* Records for processing:
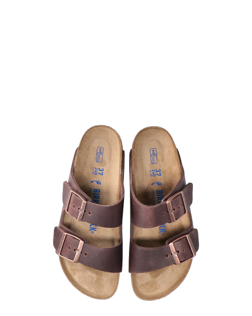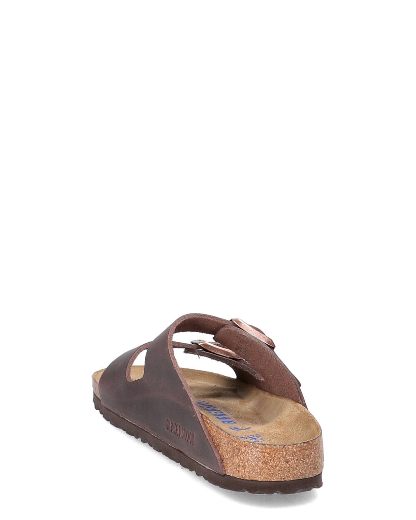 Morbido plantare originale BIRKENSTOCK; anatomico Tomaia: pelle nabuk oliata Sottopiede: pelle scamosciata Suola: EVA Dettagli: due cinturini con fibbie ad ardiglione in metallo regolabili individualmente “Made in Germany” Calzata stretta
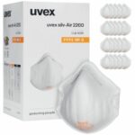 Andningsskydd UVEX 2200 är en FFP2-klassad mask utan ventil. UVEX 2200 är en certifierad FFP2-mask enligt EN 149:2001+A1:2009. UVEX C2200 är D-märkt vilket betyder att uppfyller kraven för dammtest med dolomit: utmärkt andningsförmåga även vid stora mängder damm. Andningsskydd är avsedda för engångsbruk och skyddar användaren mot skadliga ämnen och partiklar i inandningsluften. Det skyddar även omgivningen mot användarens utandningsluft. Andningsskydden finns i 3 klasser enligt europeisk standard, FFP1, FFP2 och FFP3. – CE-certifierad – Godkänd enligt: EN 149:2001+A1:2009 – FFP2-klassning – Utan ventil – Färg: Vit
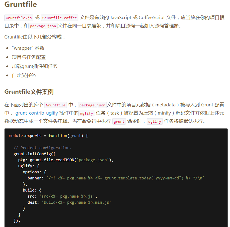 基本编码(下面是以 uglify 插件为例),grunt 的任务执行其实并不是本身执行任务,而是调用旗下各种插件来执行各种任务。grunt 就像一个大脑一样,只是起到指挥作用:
* * *
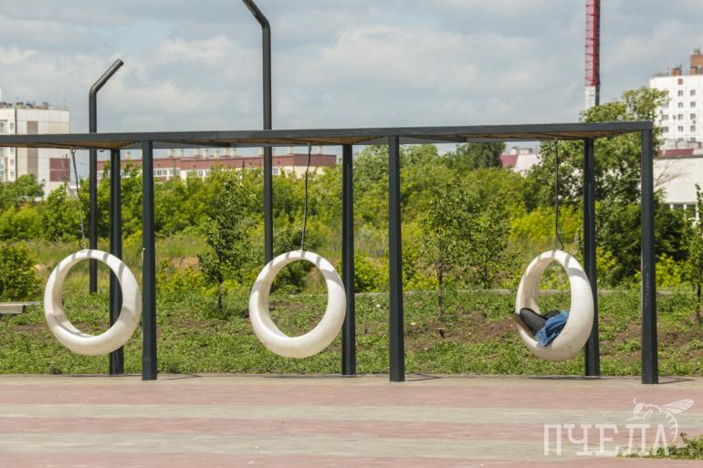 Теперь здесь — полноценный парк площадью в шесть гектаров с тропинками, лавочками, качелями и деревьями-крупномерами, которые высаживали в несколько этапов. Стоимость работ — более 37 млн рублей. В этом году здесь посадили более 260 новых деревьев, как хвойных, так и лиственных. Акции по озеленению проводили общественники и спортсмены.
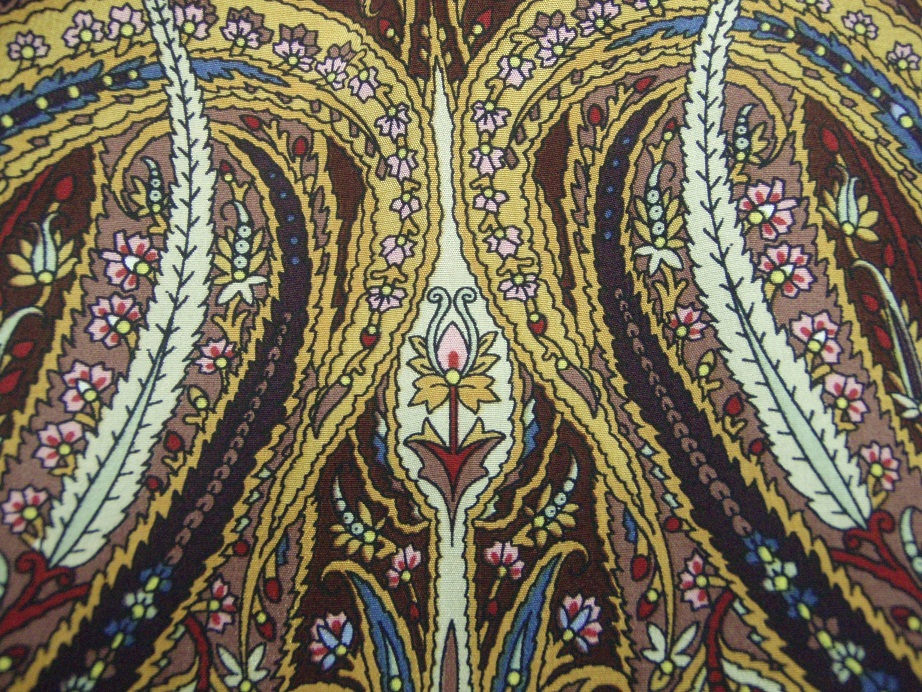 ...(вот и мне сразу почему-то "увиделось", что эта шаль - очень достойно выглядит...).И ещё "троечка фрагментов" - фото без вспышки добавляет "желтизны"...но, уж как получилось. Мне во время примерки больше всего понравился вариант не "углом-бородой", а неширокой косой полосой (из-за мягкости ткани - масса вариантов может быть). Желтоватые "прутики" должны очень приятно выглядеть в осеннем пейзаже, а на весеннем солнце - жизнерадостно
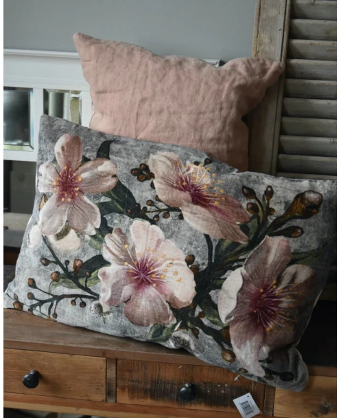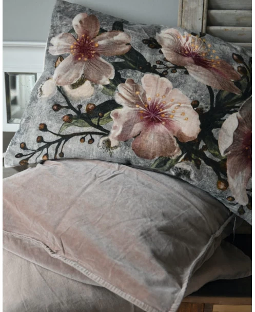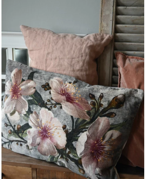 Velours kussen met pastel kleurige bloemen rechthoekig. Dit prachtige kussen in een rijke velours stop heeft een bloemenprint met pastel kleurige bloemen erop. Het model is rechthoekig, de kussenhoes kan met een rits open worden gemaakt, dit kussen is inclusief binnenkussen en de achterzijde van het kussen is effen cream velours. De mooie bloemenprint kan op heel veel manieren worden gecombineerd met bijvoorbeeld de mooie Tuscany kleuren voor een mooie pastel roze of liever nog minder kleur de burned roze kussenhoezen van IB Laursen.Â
--
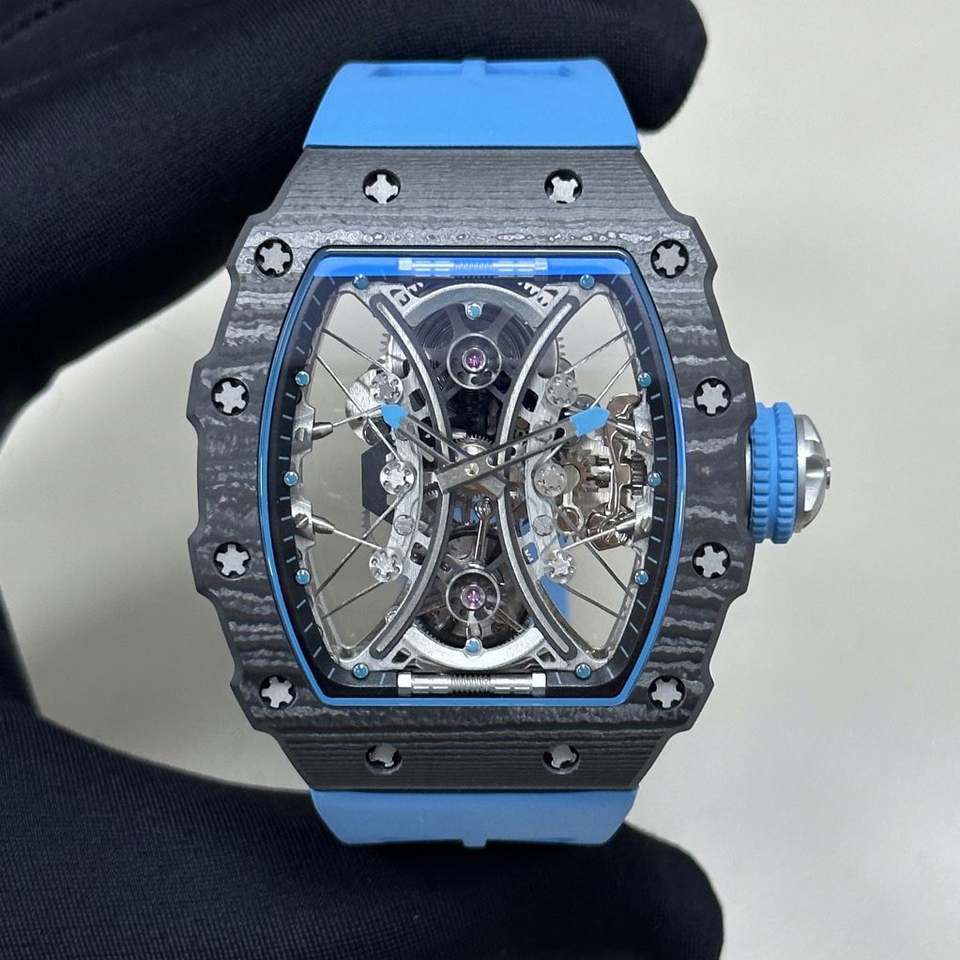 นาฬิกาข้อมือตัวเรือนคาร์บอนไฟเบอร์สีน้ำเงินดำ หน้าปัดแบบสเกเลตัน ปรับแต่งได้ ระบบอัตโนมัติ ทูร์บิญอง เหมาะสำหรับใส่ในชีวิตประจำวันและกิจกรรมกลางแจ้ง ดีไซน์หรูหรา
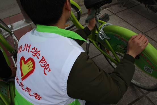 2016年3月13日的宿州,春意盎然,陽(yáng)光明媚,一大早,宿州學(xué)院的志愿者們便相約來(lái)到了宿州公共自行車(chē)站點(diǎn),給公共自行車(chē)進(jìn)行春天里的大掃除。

* Work item:
From the data above, retype only the lines starting with the line with "Morbido plantare originale" and going on through the line with "基本编码(下面是以 uglify 插件为例),grunt", exactly, leaving out the pictures.

* Result for this exercise:
 Morbido plantare originale BIRKENSTOCK; anatomico Tomaia: pelle nabuk oliata Sottopiede: pelle scamosciata Suola: EVA Dettagli: due cinturini con fibbie ad ardiglione in metallo regolabili individualmente “Made in Germany” Calzata stretta
 Andningsskydd UVEX 2200 är en FFP2-klassad mask utan ventil. UVEX 2200 är en certifierad FFP2-mask enligt EN 149:2001+A1:2009. UVEX C2200 är D-märkt vilket betyder att uppfyller kraven för dammtest med dolomit: utmärkt andningsförmåga även vid stora mängder damm. Andningsskydd är avsedda för engångsbruk och skyddar användaren mot skadliga ämnen och partiklar i inandningsluften. Det skyddar även omgivningen mot användarens utandningsluft. Andningsskydden finns i 3 klasser enligt europeisk standard, FFP1, FFP2 och FFP3. – CE-certifierad – Godkänd enligt: EN 149:2001+A1:2009 – FFP2-klassning – Utan ventil – Färg: Vit
 基本编码(下面是以 uglify 插件为例),grunt 的任务执行其实并不是本身执行任务,而是调用旗下各种插件来执行各种任务。grunt 就像一个大脑一样,只是起到指挥作用:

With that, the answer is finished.